In survey research it is often problematic to ask people sensitive questions because they may refuse to answer or they may provide a socially desirable answer that does not reveal their true status on the sensitive question. To solve this problem Warner (1965) proposed randomized response (RR). Here a chance mechanism hides why respondents say yes or no to the question being asked. Thus far RR has been mainly used in research to estimate the prevalence of sensitive characteristics. It is not uncommon that researchers wrongly believe that the RR procedure has the drawback that it is not possible to relate the sensitive characteristics to explanatory variables. Here we provide a review of the literature of regression procedures for dichotomous RR data. Univariate RR data can be analyzed with a version of logistic regression that is adapted so that it can handle data collected by RR. This was originally worked out by Scheers and Dayton (1988). Subsequently the manuscript presents extensions towards repeated crosssectional data that allowed for a change in the design with which the RR data are collected. We also review regression procedures for multivariate dichotomous RR data, such as the model by Glonek and McCullagh (1995), a model for the sum of a set of dichotomous RR data, and a model from item response theory that assumes a latent variable that explains the answers on the RR variables.

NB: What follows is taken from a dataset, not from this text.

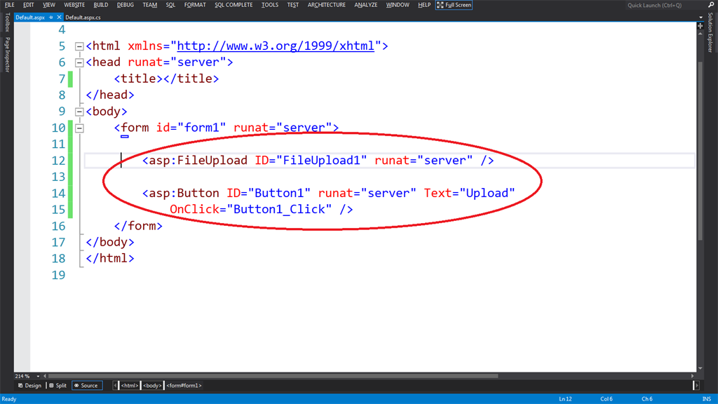 Add a File upload control named "FileUpload1" and button with "Upload" text on the page.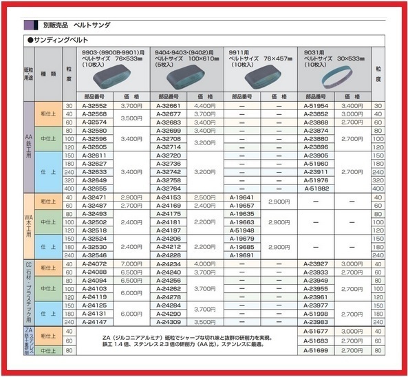 部品番号 | 粒度 | 種類 | 砥粒・用途 |

We end with a discussion of a recent development in the analysis of multivariate RR data, namely models that take into account that there may be respondents that do not follow the instructions of the RR design by answering no whatever the sensitive question asked.
Keywords: Randomized response; Logistic regression; Multivariate randomized response data; Cheating
Biography: Peter van der Heijden is professor of statistics in the department of methodology and statistics at Utrecht University. He has done research into randomized response over the last 15 years.